Date/Time: Fri Apr 22 20:39:14 CDT 2022
Name: David Corbett
Report Type: Other Document Submission
Opt Subject: Diaeresis on capital Armenian letters
Chapter 7 says “In Armenian dialect materials, U+0308 COMBINING DIAERESIS, appears over uppercase U+0531 ayb and lowercase U+0561 ayb, and lowercase U+0585 oh and U+0578 vo.” Because all caps is used in Armenian, it appears over uppercase U+0555 oh and U+0548 vo too. http://www.nayiri.com/imagedDictionaryBrowser.jsp?dictionaryId=101&dt=HY_HY&pageNumber=577 has an example with U+0548 in the second headword of the third column and an example with U+0555 in the fourth headword of the third column; the diacritic looks like U+030F but it’s probably just U+0308. Chapter 7 should say that U+0308 is used with all six of these bases. Also, the comma after “DIAERESIS” should be removed.

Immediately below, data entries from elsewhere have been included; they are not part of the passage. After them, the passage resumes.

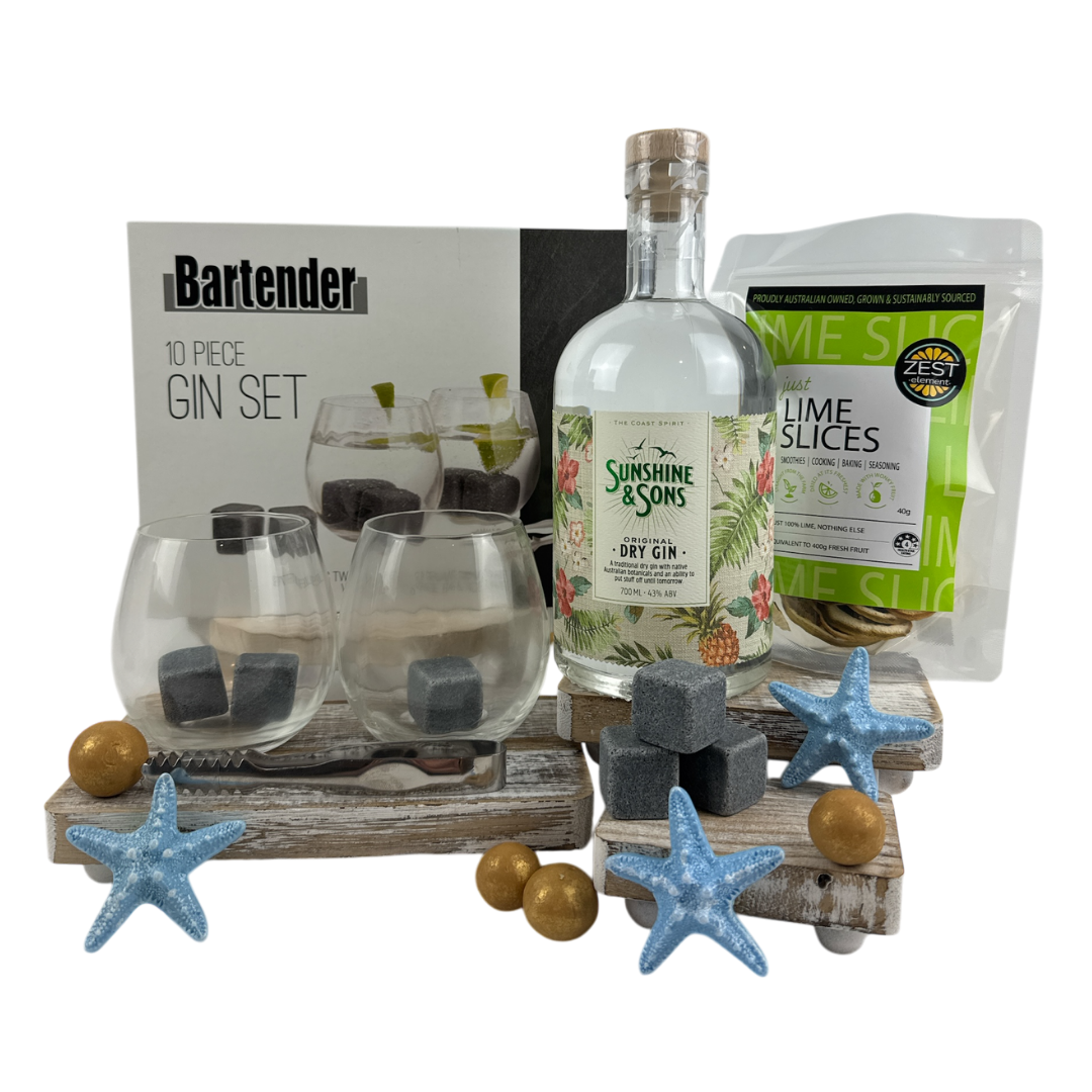 Create the ultimate coastal gin & tonic experience with Sunshine & Sons Dry Gin, a beautifully presented bartender set complete with glasses, gin stones, and tools, plus locally made dried lime slices. A refined Sunshine Coast gift for celebrations, housewarmings, or relaxed summer evenings.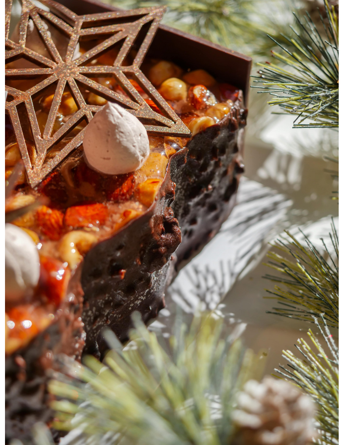 Biscuit au cacao, crème glacée chocolat noir grand cru, crème glacée praliné, concassé de noisettes sablées et caramélisées.
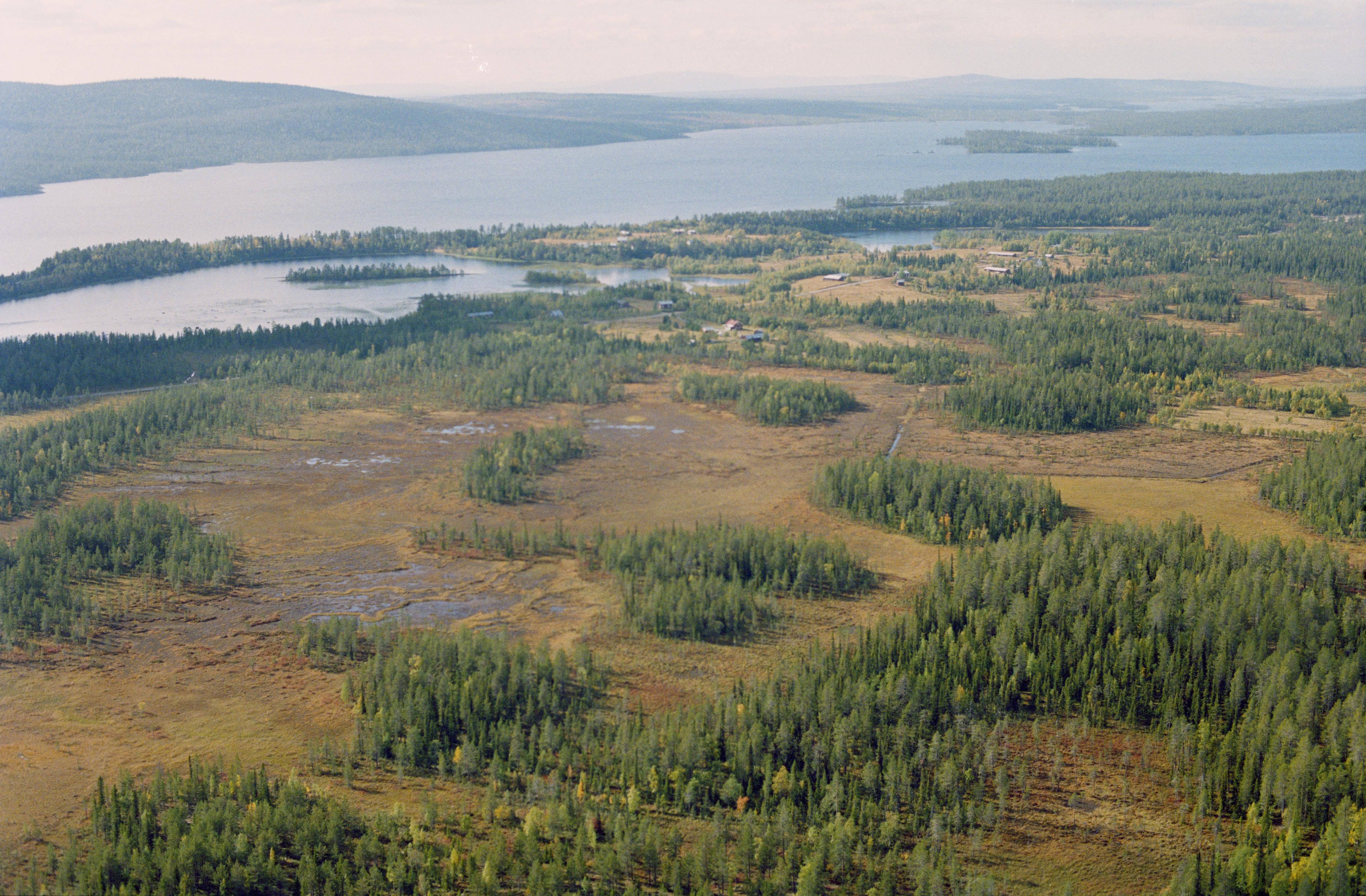 Beskrivning: Svannäs by vid sjön Gublijaure (Gubblehávrre). Uppe till höger Storstenudden med härd RAÄnr Arjeplog 1241:1, boplatser Arjeplog 485:1, 1229:1-4, 1233:1, m.fl. Bilden är tagen mot (väderstreck): VSV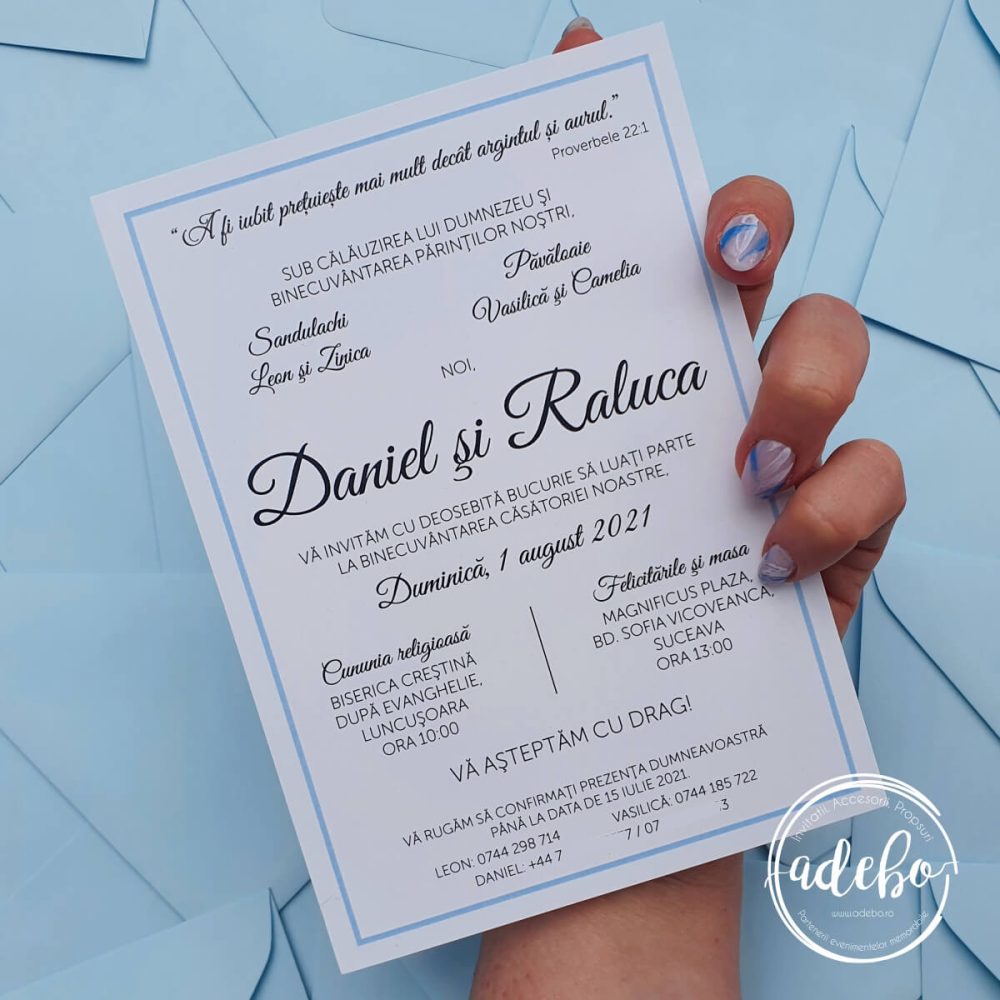 Astazi va prezentam un nou model ce-l adaugam in magazinul online cu invitatii de nunta Invitatia de nunta Simply blue – invitatie de nunta minimalista, invitatii de nunta cu albastru pastel, invitatie de nunta personalizata, invitatie de nunta cu plic albastru pastel, print digital pe carton mat 300 gsm. Putem oferi si invitatia digitala / invitatia electronica.

Date/Time: Wed Jul 6 10:01:07 CDT 2022
Name: Deborah Anderson
Report Type: Other Document Submission
Opt Subject: Sunuwar chart glyph error
Neil Patel noticed that the glyphs for 11BD2 SUNUWAR LETTER SHYELE and 11BDC SUNUWAR LETTER SHYER were swapped in the Sunuwar code chart (p. 14 of L2/21-157R). Cf. p. 7 of the proposal, where the glyphs are correct. The correct glyphs appear in Michel Suignard's ISO/IEC 10646 repertoire proposals post Amd1 (WG2 N5181). The UTC accepted Sunuwar based on L2/21-157R. I recommend the UTC go on record noting the error in the code chart in L2/21-157R, noting that the correct glyphs appear in WG2 N5181.